L'antidoto alle fake news
Rivalutare la fiction come unica salvezza alla stancante, costante verifica della realtà di internet
La fiction – insomma: roba inventata – ha nei secoli goduto di pessima fama. I romanzi erano considerati poco seri, addirittura dannosi per le menti suggestionabili, donne e fanciulli in prima fila (accadeva molto prima che si stanziassero fondi e si organizzassero manifestazioni per educare i giovani alla lettura). Una storia antica. Già Platone celebrava la realtà, per quanto dura e spiacevole fosse. E invitava gli umani prigionieri nella caverna a non accontentarsi delle ingannevoli ombre che il mondo là fuori proiettava sulle pareti.
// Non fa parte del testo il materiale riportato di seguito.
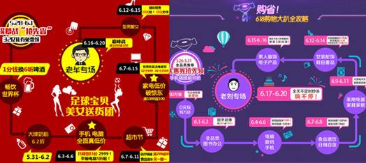 在京美大戰(zhàn)前期,國(guó)美在線推出32億現(xiàn)金券PK京東16億優(yōu)惠券,隨后聯(lián)合百度推出1分錢(qián)換6聽(tīng)啤酒暢飲世界杯活動(dòng),京東則推出0元玩轉(zhuǎn)萬(wàn)達(dá)活動(dòng),“免費(fèi)”成為了二者這個(gè)促銷(xiāo)階段的共同之處。進(jìn)入6月之后,國(guó)美在線提前截流京東3C大促,推出手機(jī)電腦真低價(jià)活動(dòng),時(shí)間比京東提前了1天。接下來(lái),二者主打的品類皆為家電、服裝,最后,雙方最高層領(lǐng)導(dǎo)將為自家商城站臺(tái),以“老牟專場(chǎng)”與“老劉專場(chǎng)”的對(duì)決形式展現(xiàn)。
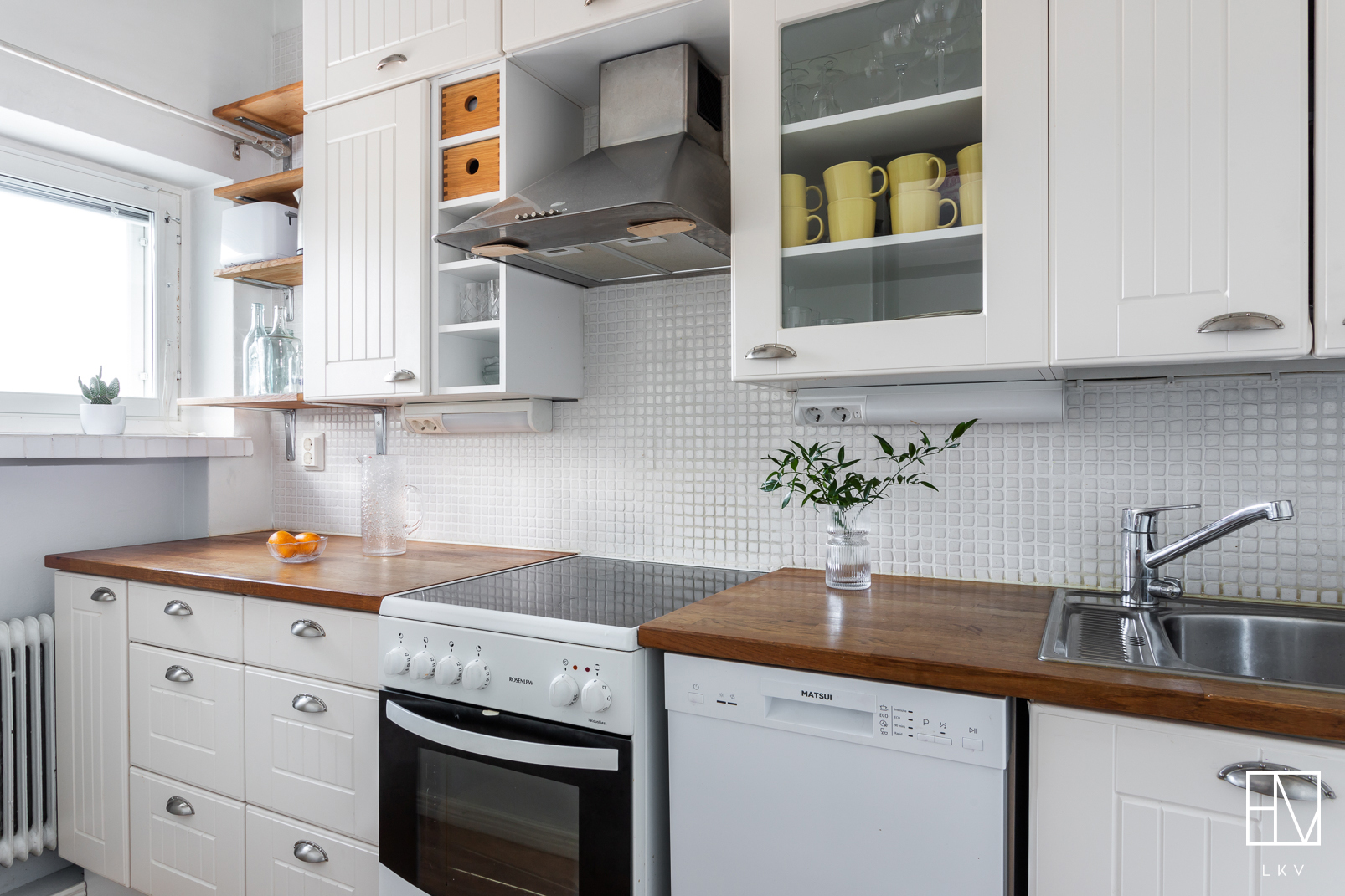 Varusteet: sälekaihtimet/rullaverhot, naulakko, kiinteät valaisimet

Con questi trascorsi, quando troviamo su Wired di giugno un articolo che come antidoto alle fake news consiglia il binge watching (di Netflix in particolare, ma non c’è motivo per non estenderlo ad altri spacciatori di fiction) scatta la curiosità. Parliamo dell’edizione americana, generosa di articoli anche non nerd o tech oriented. Ne ricordiamo uno bellissimo sulle mance e la loro storia: prima di diventare obbligatorie erano considerate dagli americani un vizio europeo.
“Lose yourself in fiction - to see what is fact” sostiene Virginia Heffernan, che nel 2016 aveva pubblicato “Magic and Loss: The Internet as Art” (secondo un recensore, sta a internet come Marshall McLuhan sta alla tv). Perdersi in un racconto inventato aiuta a staccare da un web sempre più complicato e ingannevole. Ultimo rischio pervenuto, i “deepfake”: video manipolati non facili da sbugiardare, dal punto di vista tecnico (serve di più il buon senso, se ancora ne circola: è altamente improbabile un video porno con Michelle Obama). Siccome sospettare di tutto diventa stancante, ci si riposa con la fiction: essendo per definizione inventata, non mette ansia da accertamento.
Internet ha le sue magagne, ma su internet troviamo anche la cura, scrive Mrs Heffernan. Consiglia quindi il distacco da Facebook o da Twitter (di “magico” non hanno più niente, chi li usa lo sa, mentre sul fronte delle “perdite” ognuno tiene il conto delle proprie) da compensare dosi massicce di film e serie. Cose scritte da professionisti, non dall’ex compagno di scuola già antipatico allora, né dal rancoroso senza grammatica.
Anche la fiction può rendere fanatici, lo sappiamo noi che abbiamo letto “Misery” di Stephen King (vale anche il film di Bob Reiner con Kathy Bates). Ma sono eccezioni: di solito i lettori o spettatori chiedono indietro un personaggio con educazione e garbo, oppure rivolgono l’arma contro se stessi, alla maniera di Madame Bovary. Quanto ai dati rubati, possiamo illuderci che Netflix usi i nostri solo per produrre brutti film costruiti come i “cadaveri squisiti” dei surrealisti: ognuno scrive una scena senza preoccuparsi delle altre.
“Broadchurch”, “Luther”, “The Fall”, “Marcella” sono le serie consigliate, tutte british, tutte con investigatori professionisti. Sconsigliabile fare lo stesso con una serie d’avanguardia come “Westworld”, si otterrebbe l’effetto opposto: il tormento su quel che è vero o solo immaginato, su chi è robot e chi creatura umana, su indovinelli etici buttati lì a manciate, non vi lascerà tanto facilmente. Per riposare il cervello, nulla funziona meglio dei detective che decifrano gli indizi, e lavorando da professionisti rimettono a posto il delittuoso disordine.
Altro bel colpo di scena. Non solo Virginia Heffernan su Wired rivaluta la negletta fiction. Celebra come antidoto contro le fake news la fiction meno fantasiosa in circolazione. Le dietrologie e i sospetti hanno stancato. Dentro la caverna di Platone stiamo benissimo.